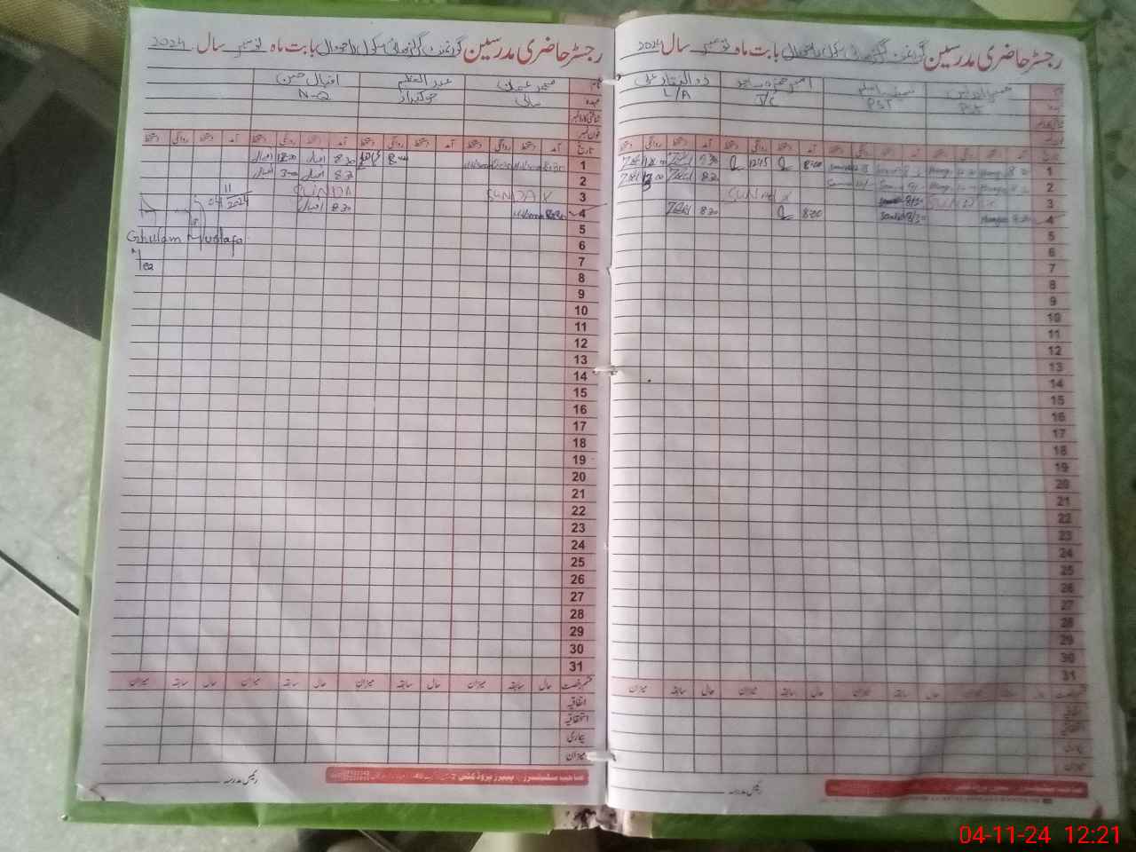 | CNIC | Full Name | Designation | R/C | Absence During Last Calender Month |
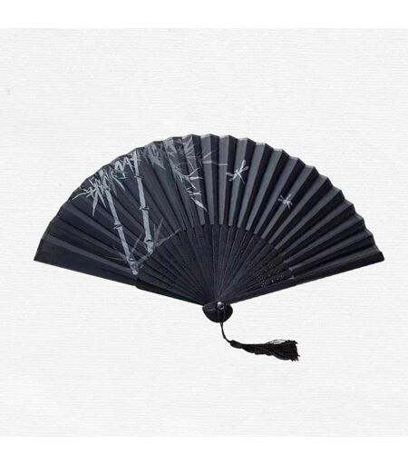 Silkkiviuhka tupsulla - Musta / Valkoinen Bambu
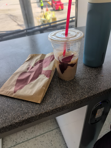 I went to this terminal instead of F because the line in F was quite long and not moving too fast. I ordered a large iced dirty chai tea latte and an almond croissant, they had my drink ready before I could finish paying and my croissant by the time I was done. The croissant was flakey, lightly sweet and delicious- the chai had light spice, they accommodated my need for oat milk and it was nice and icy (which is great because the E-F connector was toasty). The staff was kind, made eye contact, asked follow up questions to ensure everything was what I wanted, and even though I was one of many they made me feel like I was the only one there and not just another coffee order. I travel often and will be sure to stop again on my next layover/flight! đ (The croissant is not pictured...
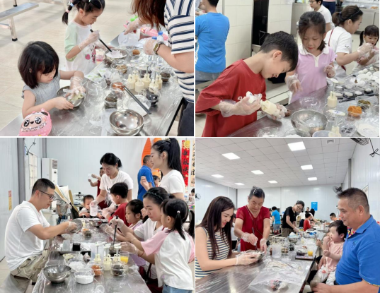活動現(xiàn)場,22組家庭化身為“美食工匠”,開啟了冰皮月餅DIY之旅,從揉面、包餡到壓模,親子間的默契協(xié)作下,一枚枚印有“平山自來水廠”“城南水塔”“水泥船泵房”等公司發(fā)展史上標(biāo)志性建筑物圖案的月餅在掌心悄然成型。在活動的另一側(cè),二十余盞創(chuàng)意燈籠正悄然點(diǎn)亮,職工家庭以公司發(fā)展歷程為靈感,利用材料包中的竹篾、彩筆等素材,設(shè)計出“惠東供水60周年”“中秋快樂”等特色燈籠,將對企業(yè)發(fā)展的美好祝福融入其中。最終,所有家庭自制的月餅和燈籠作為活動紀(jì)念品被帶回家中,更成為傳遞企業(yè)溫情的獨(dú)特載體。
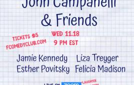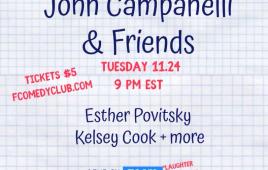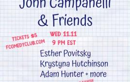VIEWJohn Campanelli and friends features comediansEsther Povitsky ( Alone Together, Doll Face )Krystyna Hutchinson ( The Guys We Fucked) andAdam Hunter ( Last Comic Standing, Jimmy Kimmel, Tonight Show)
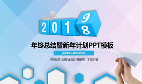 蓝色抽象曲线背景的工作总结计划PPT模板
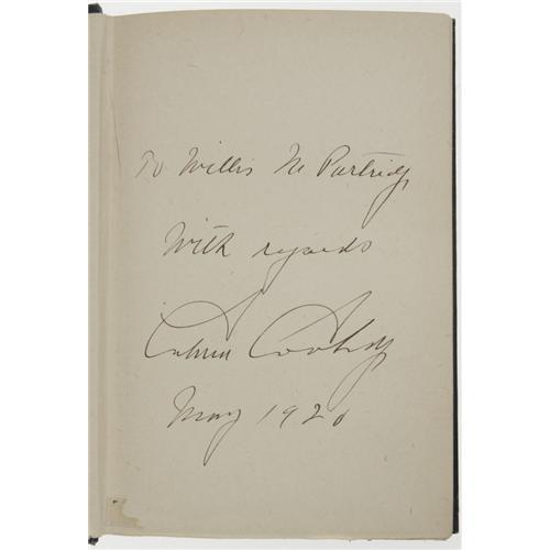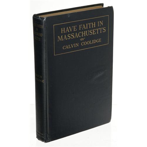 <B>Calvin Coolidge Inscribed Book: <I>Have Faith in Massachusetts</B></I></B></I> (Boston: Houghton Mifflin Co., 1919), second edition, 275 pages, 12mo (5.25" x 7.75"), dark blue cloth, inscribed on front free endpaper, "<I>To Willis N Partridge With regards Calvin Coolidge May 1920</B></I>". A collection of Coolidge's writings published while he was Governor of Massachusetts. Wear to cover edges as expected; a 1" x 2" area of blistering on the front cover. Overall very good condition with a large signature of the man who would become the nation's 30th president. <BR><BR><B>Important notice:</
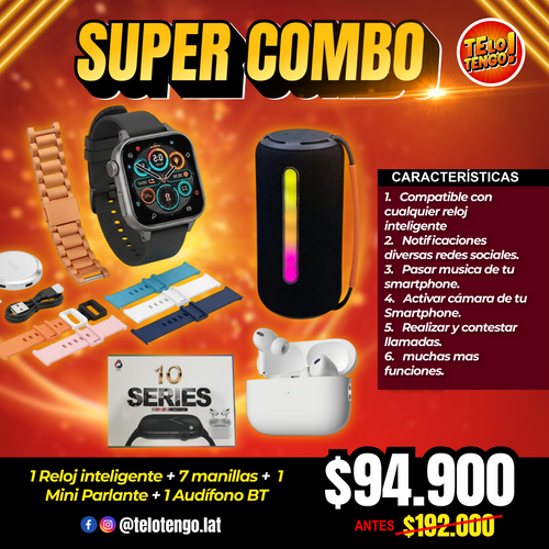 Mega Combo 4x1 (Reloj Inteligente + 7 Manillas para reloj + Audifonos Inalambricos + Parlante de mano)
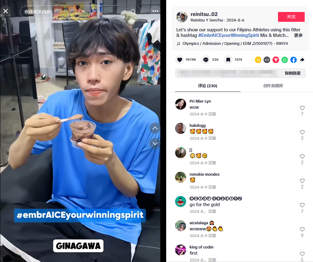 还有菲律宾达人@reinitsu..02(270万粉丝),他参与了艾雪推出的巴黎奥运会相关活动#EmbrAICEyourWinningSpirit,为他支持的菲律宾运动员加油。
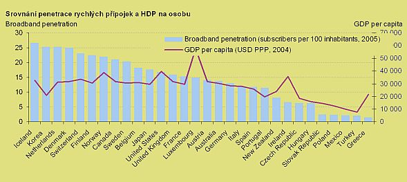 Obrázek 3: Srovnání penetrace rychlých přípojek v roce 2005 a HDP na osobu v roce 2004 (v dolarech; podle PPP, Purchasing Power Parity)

· · · ·

Assigned task: What you return must match the material above exactly, apart from its pictures.

Task solution:
 | CNIC | Full Name | Designation | R/C | Absence During Last Calender Month |
 Silkkiviuhka tupsulla - Musta / Valkoinen Bambu
 I went to this terminal instead of F because the line in F was quite long and not moving too fast. I ordered a large iced dirty chai tea latte and an almond croissant, they had my drink ready before I could finish paying and my croissant by the time I was done. The croissant was flakey, lightly sweet and delicious- the chai had light spice, they accommodated my need for oat milk and it was nice and icy (which is great because the E-F connector was toasty). The staff was kind, made eye contact, asked follow up questions to ensure everything was what I wanted, and even though I was one of many they made me feel like I was the only one there and not just another coffee order. I travel often and will be sure to stop again on my next layover/flight! đ (The croissant is not pictured...
活動現(xiàn)場,22組家庭化身為“美食工匠”,開啟了冰皮月餅DIY之旅,從揉面、包餡到壓模,親子間的默契協(xié)作下,一枚枚印有“平山自來水廠”“城南水塔”“水泥船泵房”等公司發(fā)展史上標(biāo)志性建筑物圖案的月餅在掌心悄然成型。在活動的另一側(cè),二十余盞創(chuàng)意燈籠正悄然點(diǎn)亮,職工家庭以公司發(fā)展歷程為靈感,利用材料包中的竹篾、彩筆等素材,設(shè)計出“惠東供水60周年”“中秋快樂”等特色燈籠,將對企業(yè)發(fā)展的美好祝福融入其中。最終,所有家庭自制的月餅和燈籠作為活動紀(jì)念品被帶回家中,更成為傳遞企業(yè)溫情的獨(dú)特載體。
VIEWJohn Campanelli and friends features comediansEsther Povitsky ( Alone Together, Doll Face )Krystyna Hutchinson ( The Guys We Fucked) andAdam Hunter ( Last Comic Standing, Jimmy Kimmel, Tonight Show)
 蓝色抽象曲线背景的工作总结计划PPT模板
 <B>Calvin Coolidge Inscribed Book: <I>Have Faith in Massachusetts</B></I></B></I> (Boston: Houghton Mifflin Co., 1919), second edition, 275 pages, 12mo (5.25" x 7.75"), dark blue cloth, inscribed on front free endpaper, "<I>To Willis N Partridge With regards Calvin Coolidge May 1920</B></I>". A collection of Coolidge's writings published while he was Governor of Massachusetts. Wear to cover edges as expected; a 1" x 2" area of blistering on the front cover. Overall very good condition with a large signature of the man who would become the nation's 30th president. <BR><BR><B>Important notice:</
 Mega Combo 4x1 (Reloj Inteligente + 7 Manillas para reloj + Audifonos Inalambricos + Parlante de mano)
 还有菲律宾达人@reinitsu..02(270万粉丝),他参与了艾雪推出的巴黎奥运会相关活动#EmbrAICEyourWinningSpirit,为他支持的菲律宾运动员加油。
 Obrázek 3: Srovnání penetrace rychlých přípojek v roce 2005 a HDP na osobu v roce 2004 (v dolarech; podle PPP, Purchasing Power Parity)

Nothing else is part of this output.